Алиша спешилась, сняла с коня свой мешок и, положив его у костра, направилась к котелку. Разогнав ногой мух, подхватила его за приклепанную ручку и пошла к воде. Мы с Авасием освободили от поклажи своих коней, и сын Абарида спросил меня:
– Пазака, дозволь коней напоить?
Услышав, что юноша назвал меня вождем, сидящие у костра воины перестали улыбаться и даже смутились. Я кивнул Авасию и присел на щит, который лежал сверху наших сумок. Неспешно снял с плеча горит и, пользуясь моментом, решив дожать эту компанию на информацию, спросил:
– Вы как тут оказались без своего рода? – задал вопрос строго, хмуря брови.
Ответил Лид:
– Мы жили на высоком холме у дана там, – он указал рукой на север. – Зима была снежной, а весна дождливой. Отец говорил, что если дожди не прекратятся, то меланхлены придут, как когда-то было. Наступило лето, а дожди все лили и лили. Сколоты умны и сеют на горе. Пшеница и просо от этих дождей только лучше растут, а луга в низинах превратились в болота, вот кочевники и пришли. Прав был отец. И было врагов больше, чем колосков в поле. Бала нашего пазаки сгорела в битве, как солома, только мы и спаслись.
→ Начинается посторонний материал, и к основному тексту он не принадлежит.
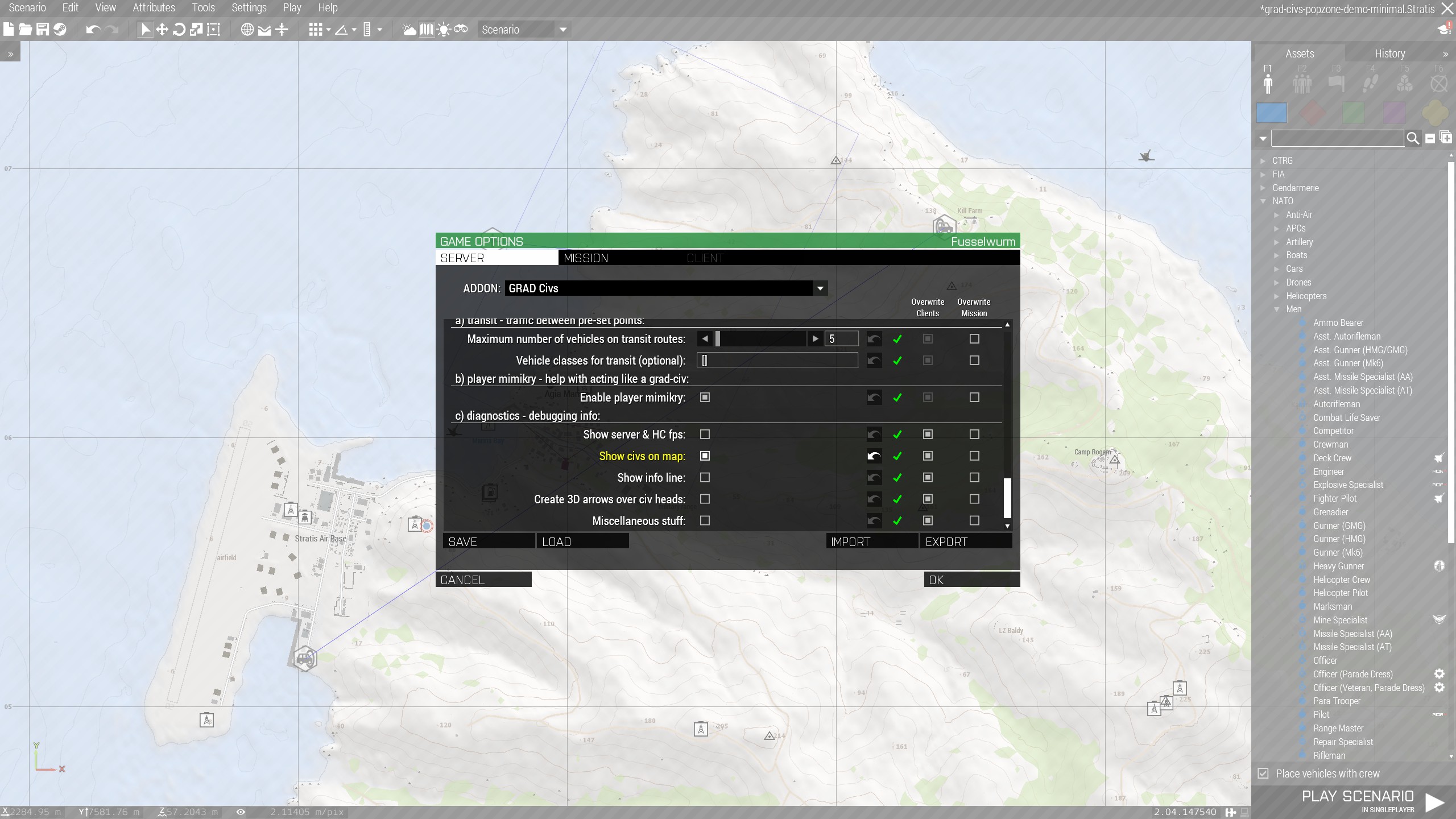 - different types of civilians will only spawn when they're within a certain distance of players (minimum & maximum). look at the settings and see what suits you best.

Чтобы я проникся их горем, после рассказа Лид схватился ладонями за голову и стал раскачиваться из стороны в сторону. Словно в театре пантомимы, его товарищи присоединились к лидеру, подвывая при этом:
– Беда, беда…
– Что тут делать собирались? – поинтересовался я уже мягче.
– Лид говорил, что можно с караваном гелонов уйти в Ольвию. И сыты будем и при деле! – проинформировал меня Мазий и под строгим взглядом старшего товарища тут же стушевался, опустив глаза.
– Я говорил… Но вижу, что и ты путешествуешь всего с одним воином. Вместе веселее! Как думаешь, пазака?
«Умен этот Лид!» – подумал я, но его предложение как нельзя лучше согласовывалось с моими планами. Ведь прав был Абарид, говоря: «Каждой твари нужен поводырь!»
– Что умеете? Врага били? Какое оружие при вас?
Наверное, я задал хорошие вопросы. Ребята, услышав их, тут же сконфузились, а ответил мне все тот же Лид:
– Умеем бить из лука, как каждый сколот, и коней хороших взяли. Много их после той битвы осталось без хозяев. Врага сразить пока не довелось: стадо мы охраняли, а когда меланхлены как тьма нагрянули, убежали. Да кто бы не ускакал?! Ведь не бьются сколоты как эллины. Сила наша в коне и луке! А пока враги добычу делили, коней свели и оружие добыли, – он указал взглядом на пирамиду из дротиков, стоящую метрах в трех от костра, и щиты, прислоненные к их древкам.
Я, на миг задержавшись взглядом на оружии, обратил внимание на десяток лошадей, стреноженных и жующих солому у огромного вяза.
– Ваши кони? – спросил.
– Наши, – ответил Лид, горделиво задрав подбородок. Какая-то хитринка мелькнула в его карих, больших глазах с длинными, как у девушки, ресницами.
– Вместе веселее! Так ты говорил? – пошутил я, и все мы, понимая, что договор состоялся, рассмеялись.
Вернулась Алиша, принесла наполненный водой котелок, и вся компания тут же приняла участие в его установке на огонь. Все-таки они его не закапывают…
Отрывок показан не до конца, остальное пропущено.